Tanwir al-Miqbas, fully known as Tanwir al-Miqbas min Tafsir Ibn Abbas (تنوير المقباس من تفسير ابن عباس) is a book of Tafsir; comprising exegesis and interpretation of the Qur'an. The book contains narrations of disputed authenticity which are attributed to the 7th-century Islamic scholar and Sahabi, Ibn Abbas. It was first compiled by the Persian Islamic scholar, Firuzabadi.

== History and content ==
Tanwir al-Miqbas is a compilation of narrations regarding exegesis and interpretation of the Qur'an that are attributed to Ibn Abbas, of varying authenticity. These narrations were first copied down and then collected by the scholar Firuzabadi who subsequently published a complete compilation of these narrations all into one book. The content in this book is considered atypical for a Tafsir work, especially one attributed to a Sahabi.

== Authenticity ==
A good number of Islamic scholars have clarified that the narrations in the book cannot be authentically attributed to Ibn Abbas. Dr. Mokrane Guezzou, who first translated the Tanwir al-Miqbas book into English, says the following in the introduction of the work:

There is no doubt that this commentary is not the work of Ibn Abbas. The chain of transmitters of this commentary goes back to Muḥammad ibn Marwan, to al-Kalbi, to Abu Salih, which is described by Hadith experts as the chain of lies (Silsilat al-Kadhib), for this line of transmission is utterly dubious and unreliable.

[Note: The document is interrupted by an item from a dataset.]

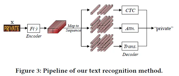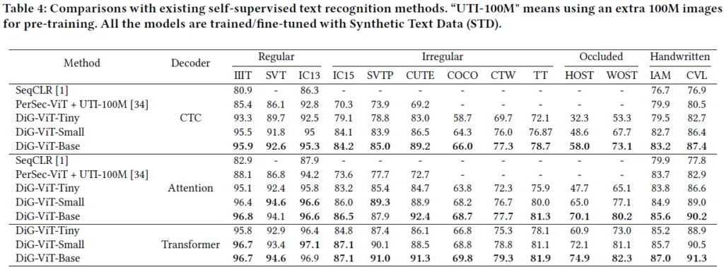 Text recognition은 위 구조로 설계되어 task가 수행됩니다. DiG에서 학습된 ViT를 인코더로 사용합니다. 이후 recognition에 맞게 인코더를 타고 나온 2D feature를 가지고 character sequence를 차례대로 출력할 수 있는 recognition 디코더를 붙입니다. 디코더로는 CTC, Attention decoder, Transformer decoder를 사용할 수 있다고 합니다.

Taqi Usmani, in his work Uloomu-l-Qur'an, agrees that Tanwir al-Miqbas cannot be attributed to Ibn Abbas and also comments on the unreliability of the chain of transmission of the narrations in the book:

It is wrong to ascribe it to Ibn Abbas because this book has been based on the reported sequence of Muhammad ibn Marwan as-Suddi from Ibn al-Kalbi from Abi Salih from Ibn Abbas (R) ... this has been regarded by the Muḥaddithīn as a "chain of falsehood."

Bilal Philips in Usool at-Tafseer states that Tanwir al-Miqbas cannot be relied upon, due to it having Ibn al-Kalbi in the chain of transmission.

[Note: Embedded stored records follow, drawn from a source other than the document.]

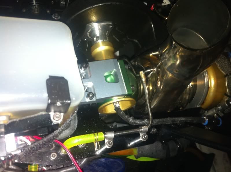 After lot's of reasearch and phone calls, we settled on a wren turbine fuel pump as the smoke oil pump, powered by a (massively overkill!) 25a brushed speed controller. The physical instalation was a bit of a challenge, but not too bad. The pump was mounted in the middle of the frames underneath the tanks, and the esc hidden under a tank strap. The pump feeds the OptiSmoke in to a stainless steel tube in to each side of the turbine exhaust housing, which just sprays the fluid directly on to the inside walls of the exhaust.
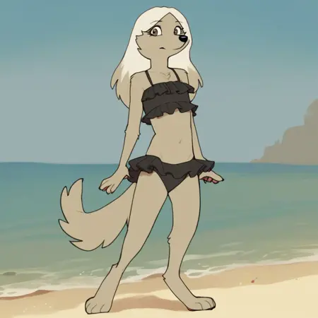 dog girl, afghan hound, grey fur, white hair, two-toned hair, long hair, brown eyes, black nose, dog tail, flat chest,
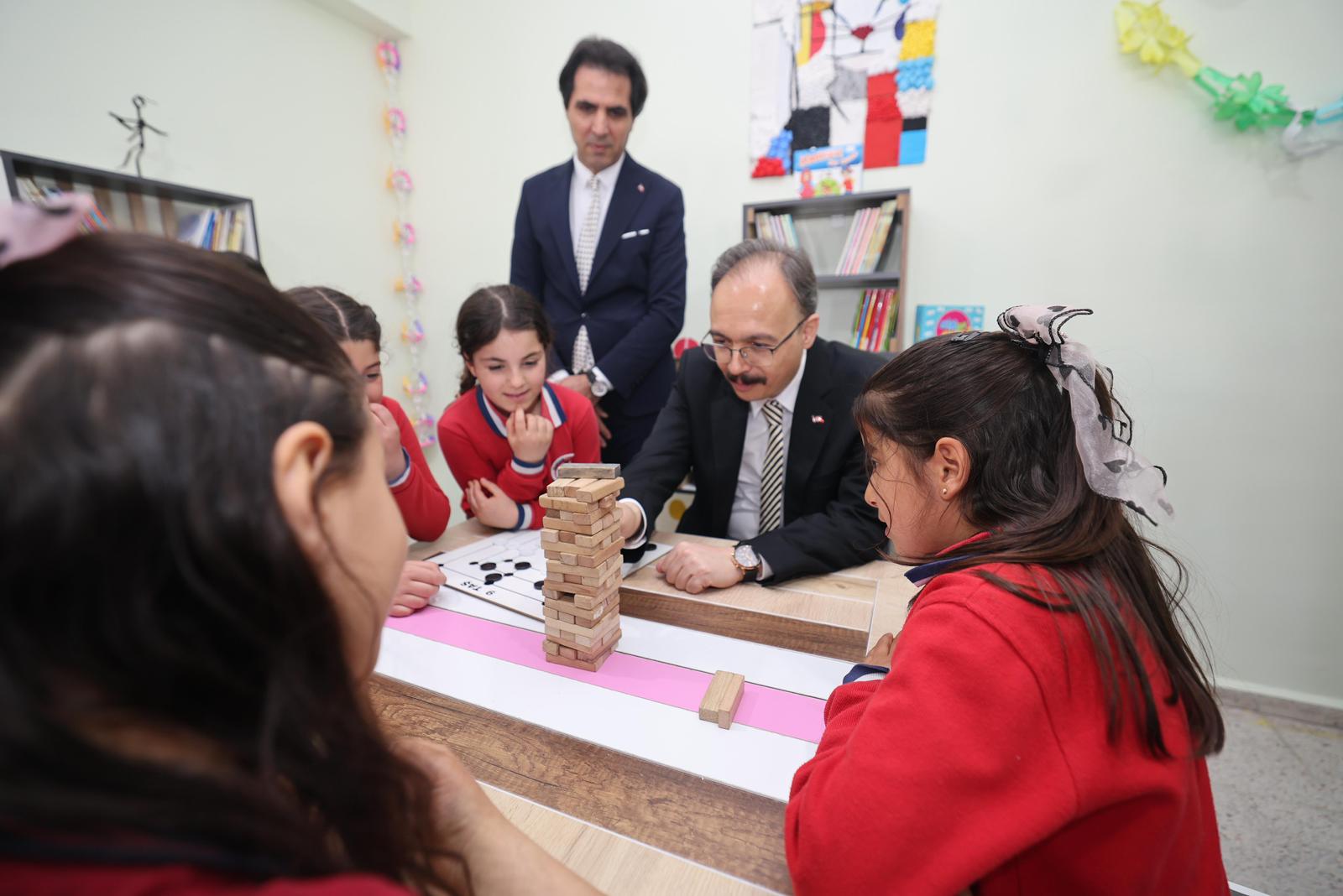 Vali Kızılkaya ve eşi Nurten Kızılkaya, açılışın ardından kütüphaneleri gezerek incelemelerde bulundu, öğrencilerle sohbet etti.

Nearly all of the so-called "Tafsir" of Ibn Abbas is based on statements narrated in chains containing Muhammad ibn as-Sa'ib al-Kalbi. Hence, this tafseer is considered unreliable for the most part; and, despite its popularity among the masses, it is totally rejected by Muslim scholars.

Phillips then added that, Ibn al-Kalbi was accused of making up Hadith (narrations from Muhammad or his companions, the Sahaba) hence Tanwir al-Miqbas cannot be an authentic work from Ibn Abbas himself.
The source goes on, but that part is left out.